I think this is fairly obvious in that it is a tragedy. Love stories can end sad, sure. But Romeo and Juliet goes well out of its way to show Romeo as a flaky and fickle young man when it comes to love. And Juliet is chasing something else besides love in the play.
Romeo and Juliet is a heist!
That right, the play is a heist story. Juliet is our mastermind. The target is her very own marriage, which she intends to steal for herself. Romeo is either an unwitting accomplice or the mark. The nurse and friar are co-conspirators.

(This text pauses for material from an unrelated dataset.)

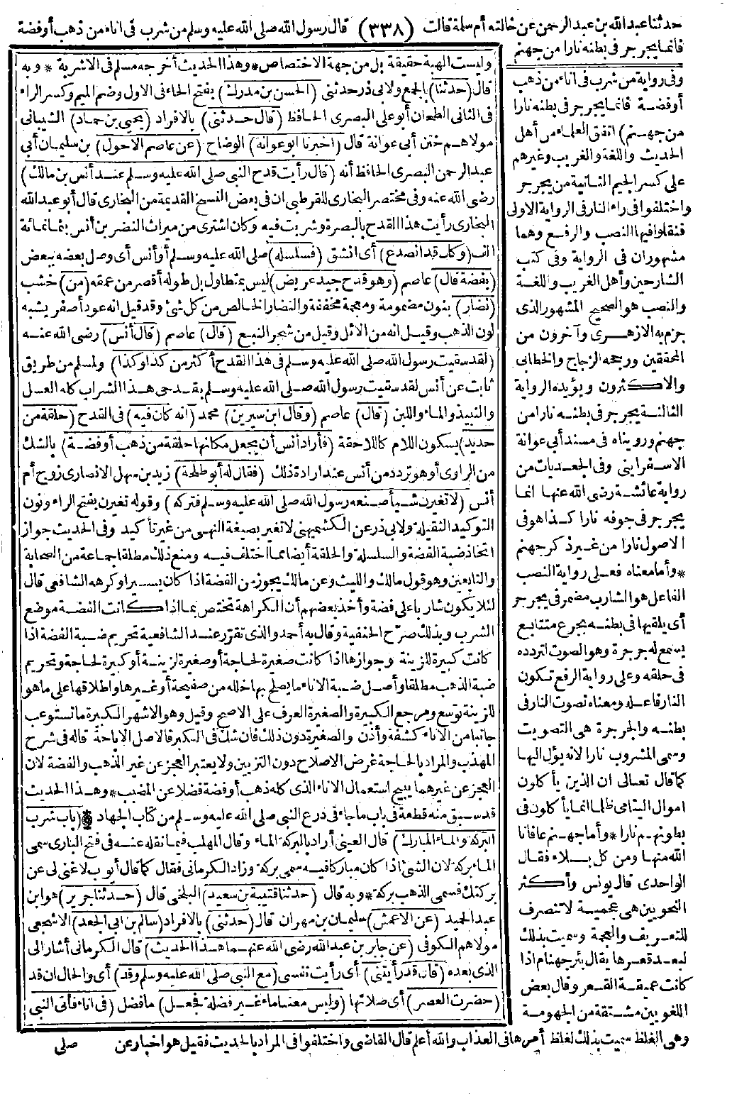 5638 - حَدَّثَنَا الْحَسَنُ بْنُ مُدْرِكٍ قَالَ: حَدَّثَنِى يَحْيَى بْنُ حَمَّادٍ أَخْبَرَنَا أَبُو عَوَانَةَ عَنْ عَاصِمٍ الأَحْوَلِ قَالَ: رَأَيْتُ قَدَحَ النَّبِيِّ -صَلَّى اللَّهُ عَلَيْهِ وَسَلَّمَ- عِنْدَ أَنَسِ بْنِ مَالِكٍ، وَكَانَ قَدِ انْصَدَعَ فَسَلْسَلَهُ بِفِضَّةٍ قَالَ: وَهْوَ قَدَحٌ جَيِّدٌ عَرِيضٌ مِنْ نُضَارٍ قَالَ أَنَسٌ: لَقَدْ سَقَيْتُ رَسُولَ اللَّهِ -صَلَّى اللَّهُ عَلَيْهِ وَسَلَّمَ- فِى هَذَا الْقَدَحِ أَكْثَرَ مِنْ كَذَا وَكَذَا. قَالَ: وَقَالَ ابْنُ سِيرِينَ: إِنَّهُ كَانَ فِيهِ حَلْقَةٌ مِنْ حَدِيدٍ فَأَرَادَ أَنَسٌ أَنْ يَجْعَلَ مَكَانَهَا حَلْقَةً مِنْ ذَهَبٍ أَوْ فِضَّةٍ فَقَالَ لَهُ أَبُو طَلْحَةَ: لاَ تُغَيِّرَنَّ شَيْئًا صَنَعَهُ رَسُولُ اللَّهِ -صَلَّى اللَّهُ عَلَيْهِ وَسَلَّمَ- فَتَرَكَهُ.

Juliet has a super big problem. She is going to be married off to Paris, who she has no interest in or intention of marrying. Her father wishes for Paris to get her consent, but he isn’t going take no for an answer. Juliet is stuck, but when Romeo shows up at her window professing his love, she comes up with a plan to steal that very marriage away from Paris and her father’s promises.
Religion is the Crux
One important aspect to note is that Juliet is extremely religious. She believes that a marriage made in front of God’s servants is binding and cannot be broken by man. She sets the plan in motion. Romeo is willing to get married, and Juliet should have been a wee bit skeptical of a man willing to marry someone he just met.
Still, she marries him, and then Romeo immediately messes her entire heist up by killing Tybalt. Now Juliet must make the best out of her situation before anyone finds out of her marrying the villain. Romeo is still her husband, no matter what a screw up he’s reveled to be, so she makes a plan to run away with him, even though her parents are sending assassins after him.
The marriage is still on, but she believes marrying Paris while being married to Romeo is a sin against God. She is running out of options and time. When the Friar suggest she take a poison to fake her death, so agrees. A simple solution to running away, but when she wakes to find Romeo dead, she makes a rash and terrible decision to end her own life instead of dealing with the alternatives, which the Friar told her was a nunnery or worse.
The Bleakest Choice
She fails to see a way out. Her heist has failed.